Многозначимость мышления свойственна, однако, отнюдь не только высокотворческим личностям — в той или иной степени такую способность обнаруживают все в процессе восприятия произведений большого искусства.
В том же кинематографе мы постоянно сталкиваемся с явлением, прямо противоположным “эффекту Кулешова”, когда, казалось бы, вполне определенные образы монтируются и взаимодействуют так, что создаются почти невыразимые, но вместе с тем очень сильные впечатления. Ту же функцию выполняют в поэзии метафоры и художественные сравнения. Между двумя сопоставляемыми образами бессознательно для читателя устанавливается множество связей, обогащая каждый образ и выводя его за пределы привычного представления. Благодаря этому образы приобретают свойство многозначности.
Сказанное в полной мере относится к живописи. Сказать, что на картине Рембрандта “Ассур, Аман и Эсфирь” изображено разоблачение в присутствии царя коварных замыслов министра, значит не только ничего не сказать о картине, но даже сказать неправду. Впечатление, производимое картиной, связано с улавливанием тонких и сложных отношений между всеми героями.
Достаточно сказать, что разоблачение дается Эсфири совсем не легко — это не ее роль, и она вынуждена переступить через всю свою естественную женственность и тем самым удивить и, может быть, даже насторожить царя, которого любит. Это далеко не простая победа и для самой Эсфири, может быть, даже не совсем победа, как и любая победа над собой. Нежная красота, без которой был бы невозможен успех, находится в неразрешимом противоречии с самой необходимостью разоблачения.

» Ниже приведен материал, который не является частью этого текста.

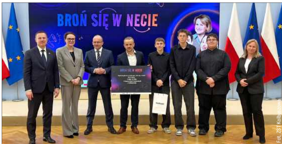
Uczniowie zdobyli główną nagrodę.

А разве не так обстоит дело с образами великой литературы? На альтернативный вопрос Гамлета “Быть или не быть?” нет однозначного ответа — недаром до сих пор не исчерпаны самые противоречивые трактовки этого образа.
Вот почему для восприятия произведений искусства характерна диссоциация между очень сильным и сложным впечатлением, с одной стороны, и невозможностью целиком выразить это впечатление в словах — с другой.

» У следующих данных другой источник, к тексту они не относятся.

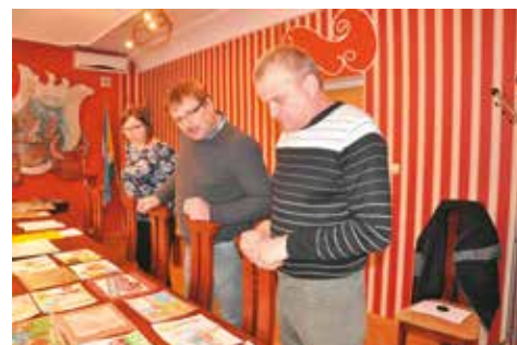
Jurorzy podczas oceny prac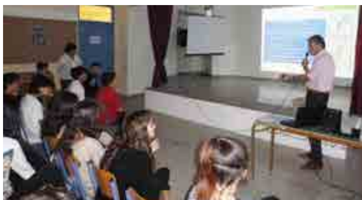
6ο Γυμνάσιο Γαλασίου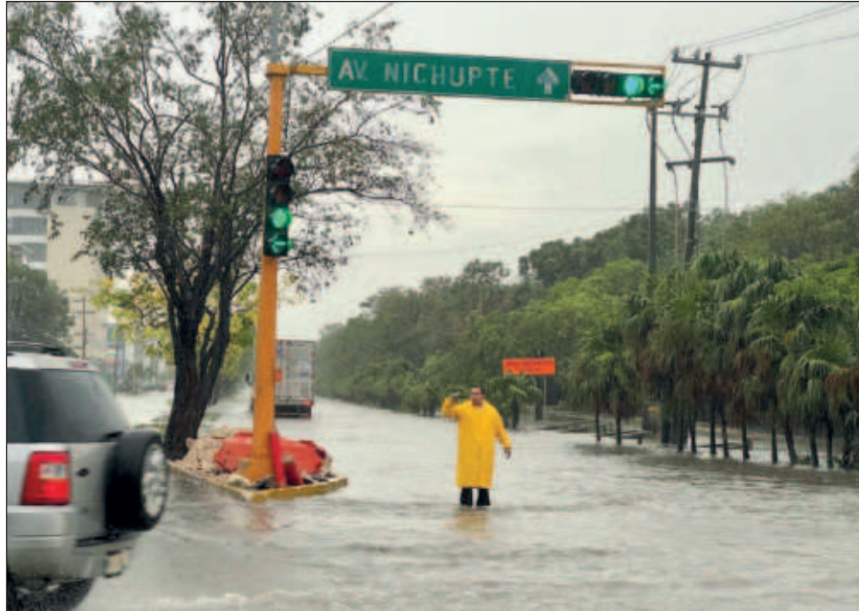
▲ El clima también ha ocasionado fallas en algunos semáforos, por lo que elementos de tránsito se encuentran en varios puntos para controlar la movilidad y evitar accidentes. Sin embargo, también han registrado algunos vehículos varados que no alcanzaron a superar grades encharcamientos.

El clima también ha provocado fallas en algunos semáforos, por lo que ele-

Может возникнуть вопрос: не являются ли основной причиной такой диссоциации просто ограниченные возможности нашей речи? Раз мы знаем, что наши впечатления богаче того, что мы высказали, правомочно ли говорить о недостаточном осознании впечатления, произведенного сновидением, картиной?
Может быть, следует говорить всего лишь о неумении, неспособности выразить вполне осознанное впечатление? Опыт искусствоведения показывает, что это не так. Когда мы знакомимся с выдающимися работами искусствоведов и литературоведов, посвященными крупным художественным произведениям, мы испытываем острое наслаждение неожиданного, удивленного узнавания. В хорошо, казалось бы, известном нам произведении мы с удивлением обнаруживаем новые грани и качества. Оно поворачивается к нам неожиданной стороной. Это новое в хорошо известном должно было бы вызывать сомнение, настороженность и сопротивление. И если анализ вопреки своей новизне и неожиданности оказывается для нас убедительным, то это значит, что мы уже были готовы его принять, что подспудно в нас жило это знание, хотя мы и не осознавали его. Убедительность новых научных теорий отчасти обусловлена, вероятно, теми же самыми закономерностями.
Думаю, именно это чувство имеют в виду представители точных наук, когда говорят о красоте новой идеи. Ее восприятие как гармоничное тесно связано с чувством изумленного узнавания — именно гармония и узнается.
Никакая самая искусная имитация творчества ни в науке, ни в искусстве это чувство не вызовет — будет впечатление нового, удивительного, необычного — но чуждого.
Для чувства изумленного узнавания нужно совпадение образа произведения с подспудно сформировавшимся образом в мозгу воспринимающего — и величайшей заслугой творца является способность вывести этот образ на свет из мрака бессознательного.